This site is built with five large teepees and cots for eight in each. This site offers an opportunity to study Canada’s Plains Indigenous people, learn crafts, games, languages, how to make Bannock, or cook corn in various ways. A seasonal dining shelter is provided.
The next site along Heritage Way is Georgian Site, our Military Site. Five Garrisons (large wooden shelters) are named for battles where Canadian soldiers lost their lives in World Wars 1 and 2. Tents are placed on these Garrisons for sleeping, and a dining shelter with a military kitchen is on site. An obstacle course will be installed before 2023. The well is located on this site. Lots of information on the battles, the wars, recipes, music and games can be explored here.
Prospector Site is a site of five cabins, replicating a small Yukon town. Bunks in each cabin, along with a table and chairs, add a homey feel, and each cabin is named. A permanent dining shelter is on site. Children can pan for gold in Matheson Creek, learn about the gold rush and early life in the Northwest Territories and the Yukon. This site has a large dining pavilion called Dawson Charlie’s Grill.
Built to make the best use of the sunshine, Adirondack site replicates the shanties of trappers in Canada’s wilderness. These are three-sided huts of rough-hewn lumber with built-in bunks, each named for an animal whose pelt was sought by trappers for trading. The open front facing the sun, has a tarp that can be lowered for sleeping to keep insects and animals at bay. (The trappers would have used tree boughs and branches to close themselves in).

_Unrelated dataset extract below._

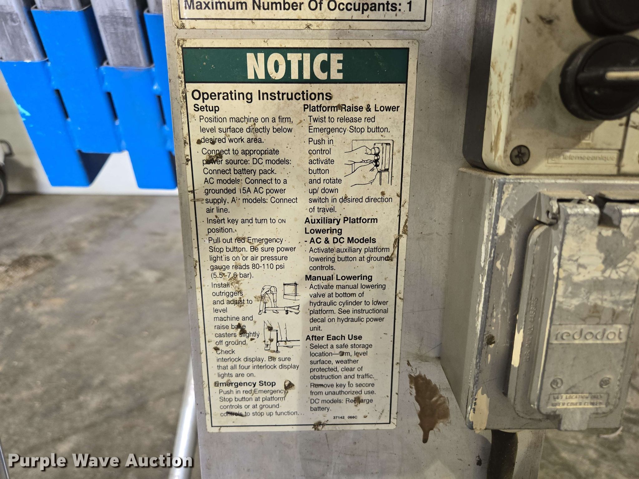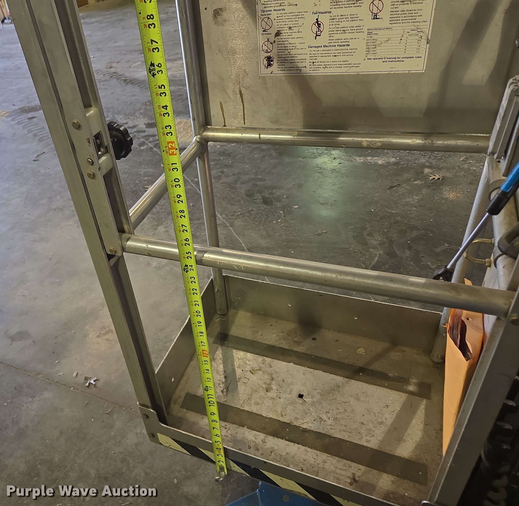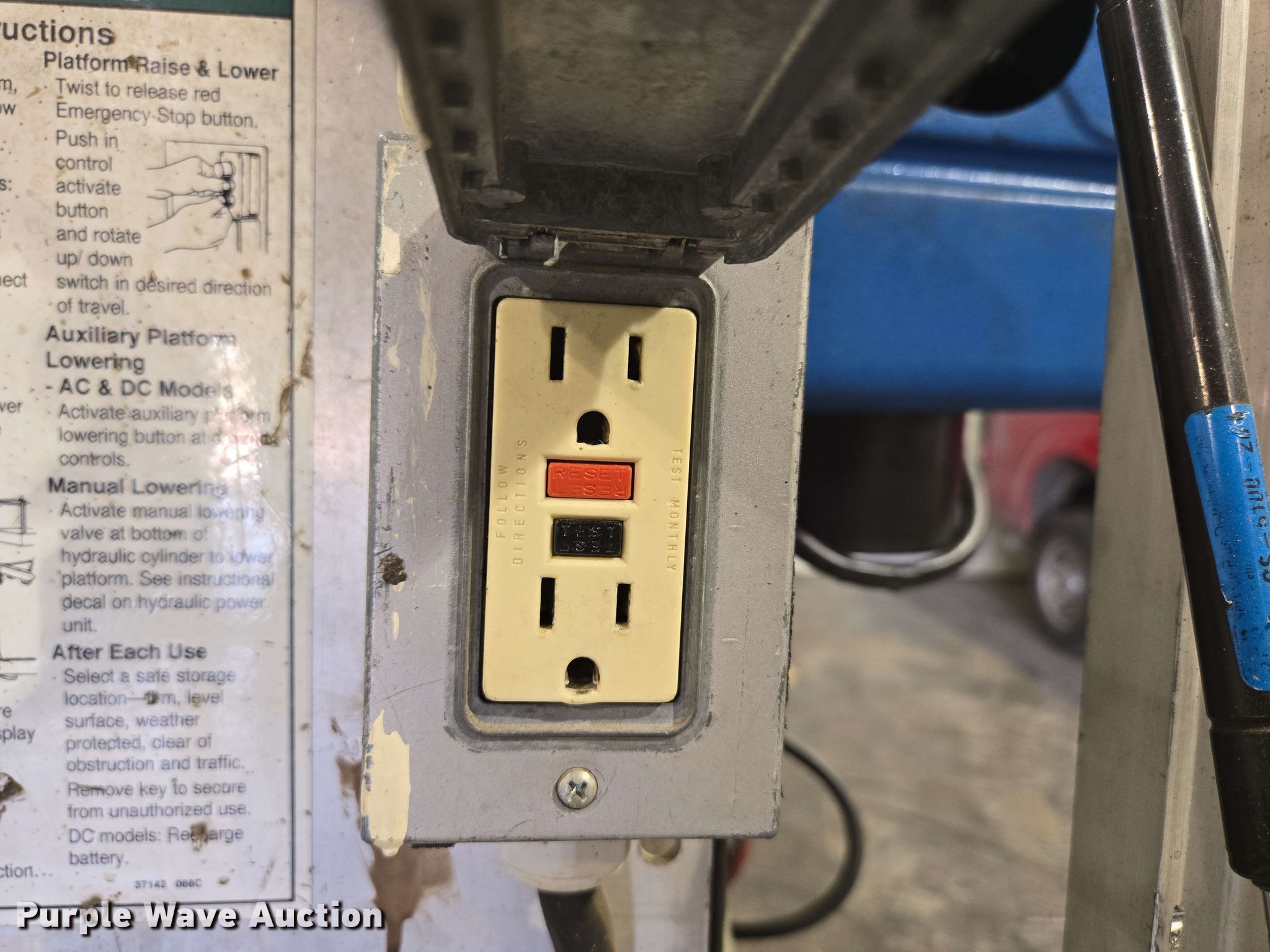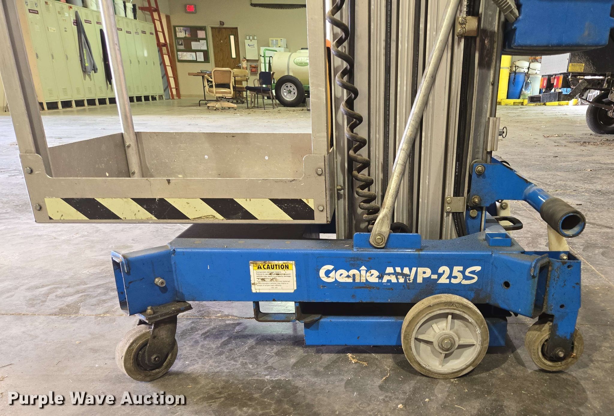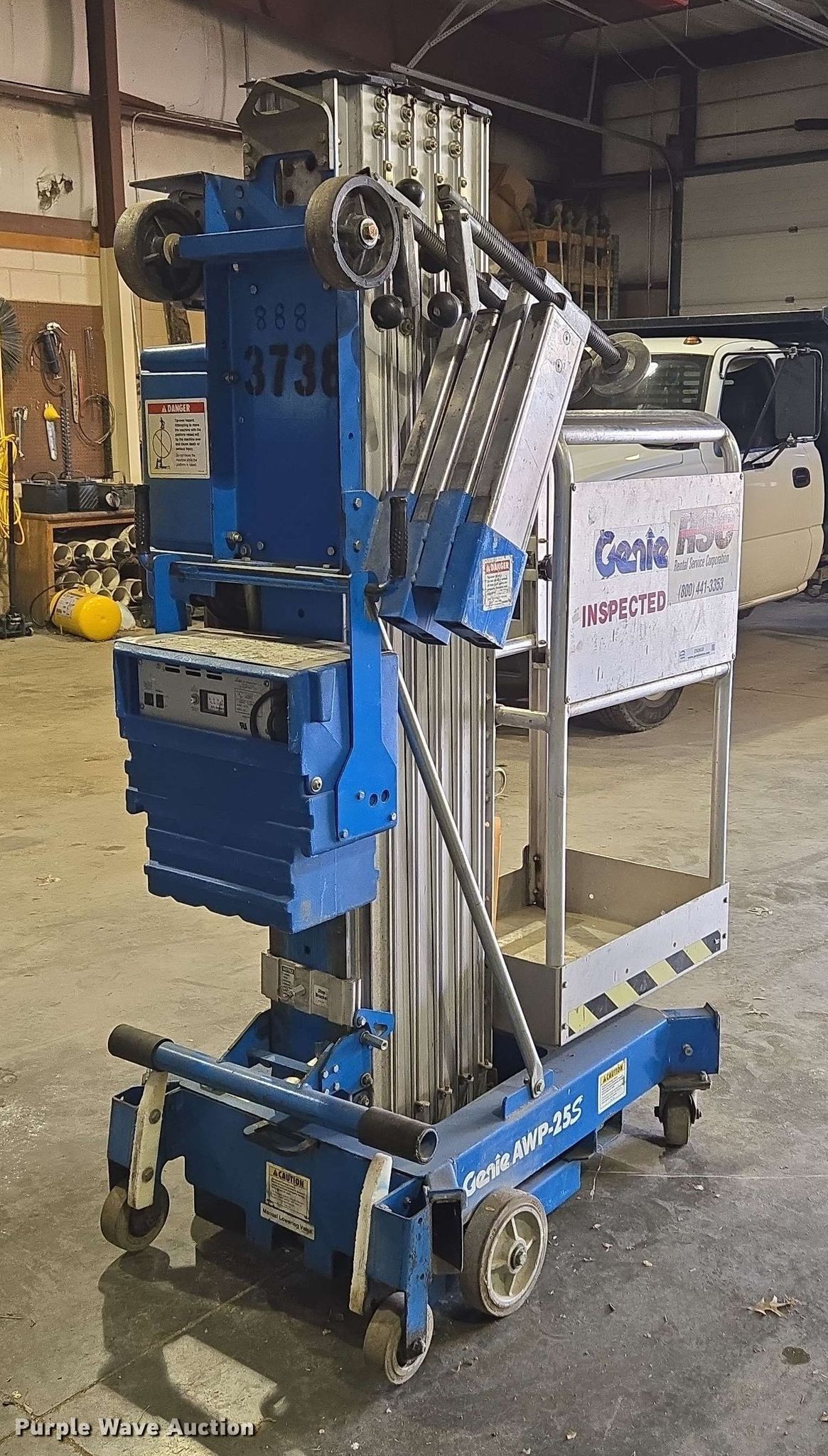 Genie AWP-25S vertical lift. Unit #: 3738. Features Maximum lift capacity: 350 lbs, Maximum lift height: 25', Platform: 25.5" L x 19.5" W, AC power outlet, Controls: Platform, Ground. Tires Solid. Notes Lifting issues, Key issues, broken inside switch, Non-operational unit. Pittsburg State University. Pittsburg, KS 66762

The next site is Pioneer Site, which is five covered wagons. There are built-in bunks, with an aluminum door in each, with a Velcro exit door at the opposite end where the driver of the horses would be situated. This site has solar power, which will be restored for the coming year. Many early settler crafts, costumes, recipes and games can be enjoyed here. At this time, there is a seasonal dining shelter.
The Wendake Site, built in 2006, has three longhouses of British Columbia red cedar. These have bunks and door flaps, and the site has a permanent dining shelter to complement the longhouses. This site replicates the original homes of the Wendat, Ojibway, Iroquois, Mohawk and other indigenous people of the Huronia/Simcoe County area. Visit Simcoe County Museum, St. Marie Among the Hurons, learn about how disease affected their life, play lacrosse and enjoy their former homeland, right here in our forests.